Малфой не реагирует на шутку (и правильно делает), только молча прижимает любовника к кирпичной стене и целует. Хорек и вообще-то никогда не был сторонником публичного проявления чувств, а уж таких чувств… Но Рону нынче плевать и на нетипичность ситуации, и на то, что в любой момент в переулок может заглянуть случайный прохожий. Потому что в целом мире не остается ничего, кроме поцелуя: голодный рот Малфоя, острые зубы, прикусывающие до крови, горячий быстрый язык, тут же зализывающий ранки, тропическая сладость дыхания, сдобренная тайной смертной горечью зелий. Объятия Малфоя похожи на тиски, руки как будто не столько ласкают, сколько оставляют отметины: ссадины и синяки. Рон не против, он тоже стремится смешать удовольствие и боль, присвоить, прописать свое право на этого человека на каждом квадратном миллиметре его кожи.
А потом, когда возбуждение совсем зашкаливает и сносит крышу, Малфой опускается на колени. Этот жест – словно отражение их первого раза, только совсем наоборот: в Малфое нет ни страха, ни покорности, ни провокации. Есть только звериная грация хищника, которой Рон почему-то никогда за ним не замечал, спокойная уверенность в собственной правоте и бесстрашие обреченного на смерть.
– Дыши глубже, Уизел! – скалится снизу Малфой, нисколько не заботясь о том, во что превратятся его стильные светлые брюки после стояния на коленях в уличной грязи, и расстегивает «молнию». И Рону ничего не остается, как последовать его совету: дышать глубоко и быстро сквозь стиснутые зубы, отчаянно давить стоны (Заглушающими и Отвлекающими Хорек не озаботился, а теперь уже поздно что-либо предпринимать), вцепляться пальцами в тонкие волосы Хорька, подаваться вперед до самого предела, тонуть в жаркой глубине рта, умирать и воскресать снова, чтобы, наконец, сорваться в пропасть – и не достичь дна, внезапно обретя способность летать.
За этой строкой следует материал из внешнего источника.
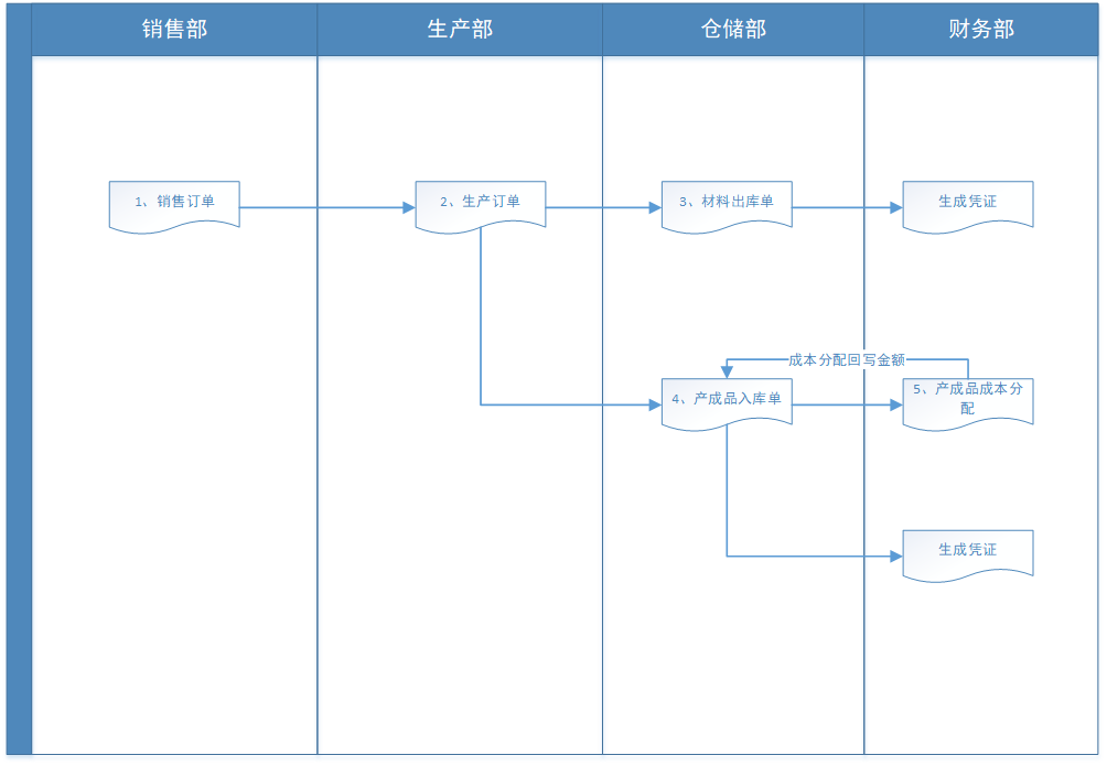 销售人员录入完销售订单后,生产排单人员根据销售订单进行排单,并填写生产订单由经理进行审核,仓储人员根据生产订单生成材料出库单,当生产完毕后,仓储人员根据生产订单做产成品入库单。财务人员根据生产订单+入库单做产成品成本分配,成本金额自动回写产成品入库单。

В последний момент Малфой отстраняется, и часть спермы попадает ему на лицо. Он закрывает глаза, жмурится, слизывает с губ попавшие на них капли.
– Запомни меня таким.
– Что? – Рон медленно приходит в себя. Даже простая способность стоять, не говоря уже о более сложных действиях, дается ему с трудом.
– Запомни меня таким. Обещаешь?
Рон вздергивает его наверх, прижимает к себе, осторожно сцеловывает свою сперму с сосредоточенного лица, гладит губами выгоревшие на солнце ресницы, тихонько шепчет в соленые губы, не очень понимая, о чем, собственно, идет речь:
– Обещаю. Но… Как же ты? Ты ведь…
– Кончил прямо в штаны, будто мальчишка, – точно лукавый эльф усмехается Малфой. – Хвала Мерлину за Очищающее заклинание!
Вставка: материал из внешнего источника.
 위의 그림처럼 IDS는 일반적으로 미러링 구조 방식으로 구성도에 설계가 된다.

Рон улыбается в ответ, достает палочку, чистит сначала Хорька, а затем – себя. На миг ему хочется остаться в этом заплеванном проулке навсегда, поселиться здесь на пару с Малфоем в виде местных привидений – и всю оставшуюся вечность до смерти пугать своими гейскими призрачными выходками перепуганных магглов. Но миг проходит, и Рон спрашивает:
– Ты домой?
– Домой, куда же еще! А ты?
– Заскочу на работу, обрадую Кингсли нашим возвращением.
– Ну, тогда… – Малфой вскидывает руку в небрежном жесте прощания.
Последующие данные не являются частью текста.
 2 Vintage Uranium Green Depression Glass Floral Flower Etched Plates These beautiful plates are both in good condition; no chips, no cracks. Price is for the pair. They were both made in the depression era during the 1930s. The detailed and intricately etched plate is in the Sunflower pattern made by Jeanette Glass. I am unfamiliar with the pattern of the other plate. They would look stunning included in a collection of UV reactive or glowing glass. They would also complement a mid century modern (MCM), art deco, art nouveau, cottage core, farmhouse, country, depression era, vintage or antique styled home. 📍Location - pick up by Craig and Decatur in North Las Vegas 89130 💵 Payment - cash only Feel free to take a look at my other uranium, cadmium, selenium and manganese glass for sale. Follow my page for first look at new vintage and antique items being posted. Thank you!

– Увидимся! – говорит Рон и торопливо аппарирует, чтобы не совершить напоследок какую-нибудь глупость, о которой они оба потом будут жалеть.
Ему кажется, что вслед летит тихое:
– Прощай, Рыжий…
Мало ли, что ему иногда кажется!
========== Глава 7. Магистерий ==========
– Кингсли, сука, ты знал?
Хорошее дело – маггловские бары. Совершенно никому нет дела до того, что ты только что назвал «сукой» самого начальника всесильного аврората. Особенно, если набросить на свой столик чары Отвлечения внимания. И нет опасности, что буквально из ниоткуда рядом вынырнут вездесущие коллеги Риты Скитер, чтобы подцепить твою неосторожную фразу на кончик своего Прытко пишущего пера.
Количество и качество маггловских баров, расположенных в районе Магического квартала, Рон успел оценить во время тайных свиданий с Малфоем. Ну, а что годится для Малфоя, вполне сойдет и Кингсли. Судя по тому, как круто Главный аврор разбирался с маггловскими алкогольными напитками, подобное времяпрепровождение для него тоже не является чем-то экстраординарным. Другое дело, что не каждый день твой личный заместитель называет тебя «сукой».
– Полегче, Уизли! – Кингсли предупреждающе похлопывает своей огромной черной рукой по столику, и тот нервно вздрагивает, заставив жалобно брякнуть лед в стаканах с виски. – Я все еще твой начальник!
– Ненадолго, – сквозь зубы цедит Рон.
– Эт-т-та что еще за новости? – от подобного рыка подчиненным обычно хочется спрятаться под стол. Но не Рону. И не сегодня. – Совсем свихнулся на почве своего драгоценного любовничка?
Раньше, помнится, Рону было очень важно, чтобы никто не догадался о подлинной природе их взаимоотношений с Хорьком. А теперь… Система приоритетов за последние дни претерпела значительные изменения, и его волнует совсем другое. Если в ответ на вопли Рона Кингсли сразу вспомнил Малфоя, значит…
– Ты знал. – Это уже не вопрос, а обвинение. – Ты знал и ничего не сказал. Просто смотрел, как они умирали – один за другим.
– Просто? – Кингсли наливает себе еще стакан и резким движением опрокидывает в себя. Муки совести? У Главного аврора? Ну да… – Я ходил на все похороны, Уизли. Даже в Азкабан.
– Сейчас заплачу от жалости! – комментирует Рон. – К Малфою тоже пойдешь? Он же, вроде, последний в списке?
– К Малфою? – Кингсли смотрит мрачно, сверкая белками своих глубоких карих глаз. Некстати вспоминаются совсем другие глаза в полумраке бара: серые, холодные, льдистые. Родные. – Я бы пошел.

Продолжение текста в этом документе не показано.